Northern Electric furnished a lot of equipment to the independent companies in the US that wanted WE equipment. Graybar carried the line for some time. NE also made #5 crossbar which was marketed by Stromberg Carlson in the US for the Independent market. At one time, Las Vegas was 100% NE #5 Crossbar.
Another interesting sidelight. When Bell Canada had to separate from Bell Labs, the Canadian folk had been doing a lot of work on digital switching. Someone at Bell Labs made the decision that since everyone knows that voice communication is analog, you Canadians can take your digital research with you.
Western Electric, per se, bit the dust in 1984. Northern Electric test marketed in the US with the SG-1 "Pulse" electronic PBX. One small problem, there already was a company in the US known as Northern Electric that made appliances and other consumer good. Northern Electric restructured as Northern Telecom and entered the US market with the SL-1 digital PBX in competition with the WE Dimension which was Electronic but not fully digital. The SL-1 (Meridian) is alive and well today.

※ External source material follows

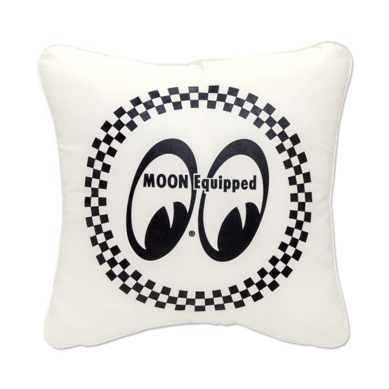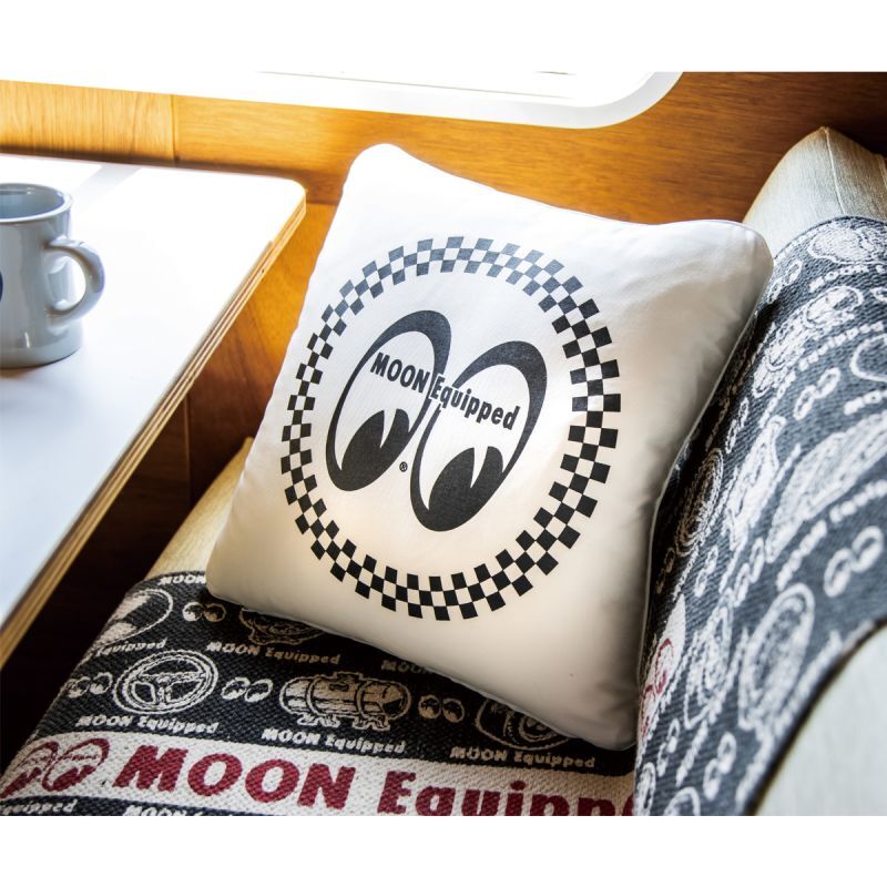 The orthodox design cushion cover with a checker pattern surrounding the MOON Equipped Eyeshape logo.

Where are we today? Bell Canada, Northern Telecom (now Nortel Networks) and BNR comprise the "Tri Corporate Structure" of Bell Canada enterprises. Western Electric was absorbed into AT&T which subsequently spun off manufacturing to Lucent. Hence today we have Nortel and Lucent which used to be part of the same organization in fierce competition. As of 2009, Avaya, Inc., which was part of Lucent, acquired Nortel's enterprise phone business. This essentially brings back together two important segments of the once unified phone manufacturing of Western Electric.